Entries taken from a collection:
>>>

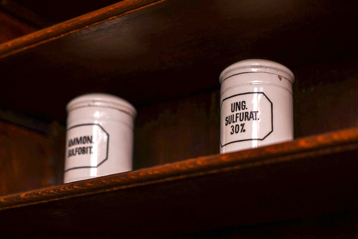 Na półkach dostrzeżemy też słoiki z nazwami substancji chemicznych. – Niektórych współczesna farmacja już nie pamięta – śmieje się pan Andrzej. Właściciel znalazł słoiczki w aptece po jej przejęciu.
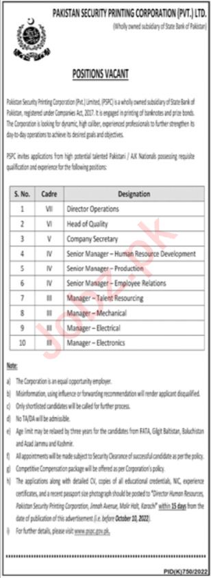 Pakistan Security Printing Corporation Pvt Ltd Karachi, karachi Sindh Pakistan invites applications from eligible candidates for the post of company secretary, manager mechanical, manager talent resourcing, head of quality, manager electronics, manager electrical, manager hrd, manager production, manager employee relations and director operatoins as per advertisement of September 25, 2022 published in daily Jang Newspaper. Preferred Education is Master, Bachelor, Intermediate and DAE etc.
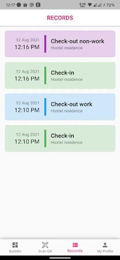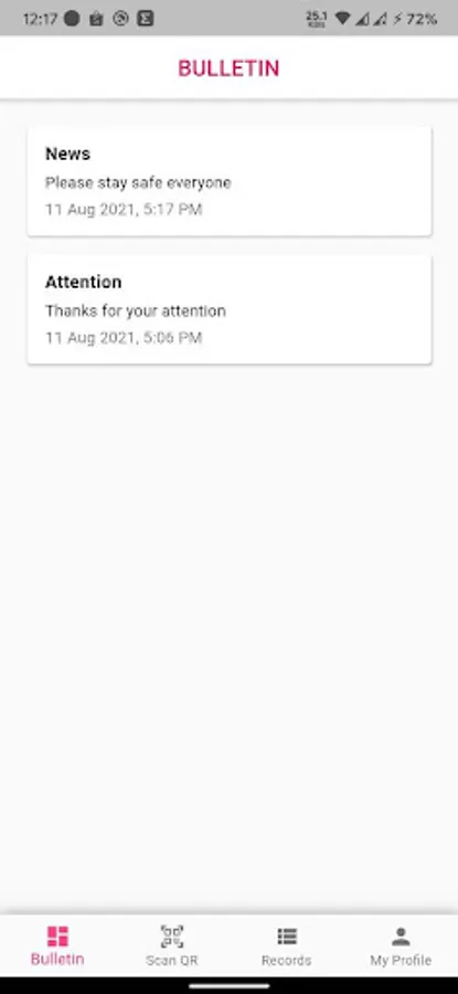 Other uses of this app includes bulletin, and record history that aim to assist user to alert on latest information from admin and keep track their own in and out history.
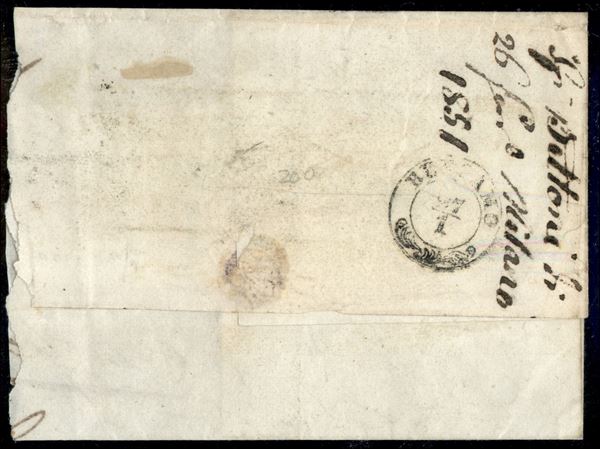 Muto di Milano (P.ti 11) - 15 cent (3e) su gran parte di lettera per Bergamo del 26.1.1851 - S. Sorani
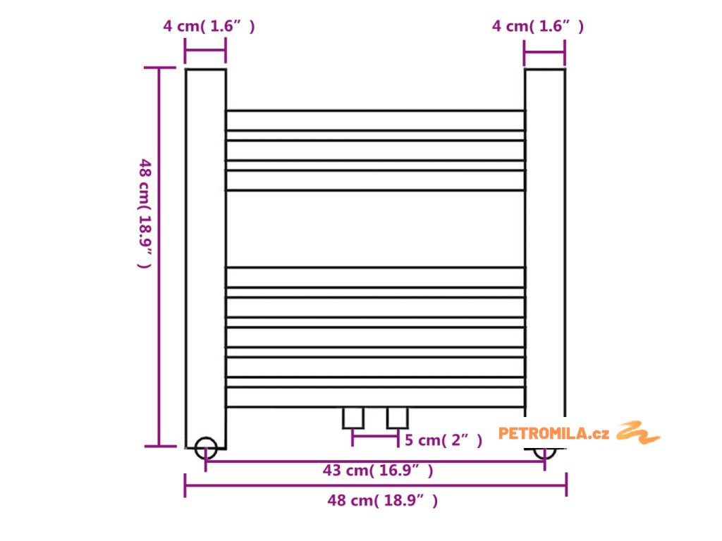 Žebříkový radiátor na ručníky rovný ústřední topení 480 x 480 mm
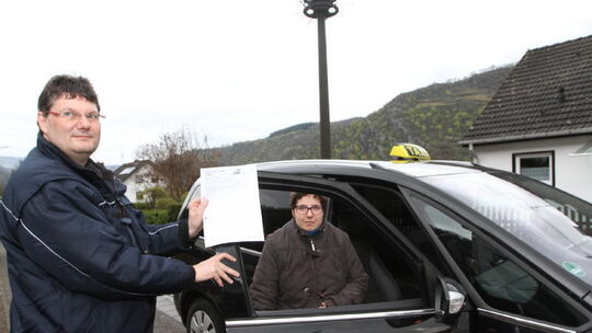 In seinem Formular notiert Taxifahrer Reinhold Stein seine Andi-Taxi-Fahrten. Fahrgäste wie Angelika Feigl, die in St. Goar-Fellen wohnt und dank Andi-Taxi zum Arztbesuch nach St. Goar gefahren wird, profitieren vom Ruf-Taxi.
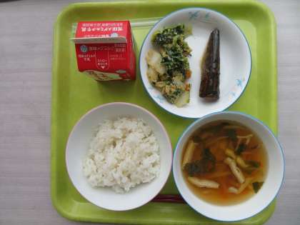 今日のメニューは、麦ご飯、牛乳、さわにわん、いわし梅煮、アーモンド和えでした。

<<<

_WHAT YOU HAVE TO DO_
Copy the entries exactly. Leave the pictures out.

_EXERCISE RESULT_
 Na półkach dostrzeżemy też słoiki z nazwami substancji chemicznych. – Niektórych współczesna farmacja już nie pamięta – śmieje się pan Andrzej. Właściciel znalazł słoiczki w aptece po jej przejęciu.
 Pakistan Security Printing Corporation Pvt Ltd Karachi, karachi Sindh Pakistan invites applications from eligible candidates for the post of company secretary, manager mechanical, manager talent resourcing, head of quality, manager electronics, manager electrical, manager hrd, manager production, manager employee relations and director operatoins as per advertisement of September 25, 2022 published in daily Jang Newspaper. Preferred Education is Master, Bachelor, Intermediate and DAE etc.
 Other uses of this app includes bulletin, and record history that aim to assist user to alert on latest information from admin and keep track their own in and out history.
 Muto di Milano (P.ti 11) - 15 cent (3e) su gran parte di lettera per Bergamo del 26.1.1851 - S. Sorani
 Žebříkový radiátor na ručníky rovný ústřední topení 480 x 480 mm
 In seinem Formular notiert Taxifahrer Reinhold Stein seine Andi-Taxi-Fahrten. Fahrgäste wie Angelika Feigl, die in St. Goar-Fellen wohnt und dank Andi-Taxi zum Arztbesuch nach St. Goar gefahren wird, profitieren vom Ruf-Taxi.
 今日のメニューは、麦ご飯、牛乳、さわにわん、いわし梅煮、アーモンド和えでした。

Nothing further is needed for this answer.